Just a few weeks ago, many Fed officials were signaling that the economy was making solid progress toward the central bank’s twin goals of maximum employment and annual inflation at just above 2% for a sustained period. Several presidents of regional Federal Reserve Banks said they wanted to announce a reduction, or taper, of the bond purchases at the Fed’s next meeting in September.

However, economists are reducing their expectations for economic growth during the current quarter of July-September. Restaurant traffic has dropped slightly. Last week, Powell said it wasn’t yet clear what the delta strain’s impact on the economy would be. He stressed that the pandemic was not over and was still “casting shadows on economic activity.”

Economists will be watching closely for clues Powell might provide about Fed’s intentions, as the economic picture is getting worse.

Economists believe it is more likely that the Fed will announce tapering in November, or later, due to the uncertainties caused by the delta variant. This would allow Fed officials two more months of data on inflation, jobs, and the impact of the delta variant.

Fed’s problems are not limited to the resurgence virus. Inflation has jumped 3.5% in June compared with a year earlier, the biggest such rise since 1991.

Inflation has increased pressure on Powell, Fed, and other central banks to reduce their stimulus programs. Powell has maintained his confidence that higher inflation would be temporary, even though it may persist for several months. Many Wall Street investors and economists agree. Some are actually more worried about the opposite problem: that inflation will fall too far below its current level.

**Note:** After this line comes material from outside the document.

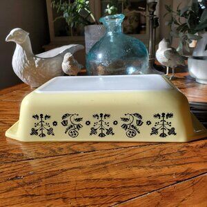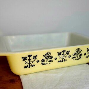 RARE Vintage Pyrex | Yellow Embroidery | Black Needlepoint | Space Saver

Nevertheless, growth may slow. Next year, government stimulus will fade. There are no more government stimulus checks in the works, and a federal unemployment supplement of $300 per week is due to expire in just two weeks. Gaske pointed out that consumers have been reducing their spending on furniture and cars due to price increases, which in turn has reduced inflation pressures.

Inflation could be pulled below its target of 2% by any Fed policy change. This could happen in as little as a year.

Officials at the Fed expected more clarity about the economy and the job market in the early fall. As the pandemic receded, more Americans would go back to work instead of being afraid of the virus. The Fed could delay the moment when it can see the state of the labor market, as the fear of the delta variant could continue, the report said.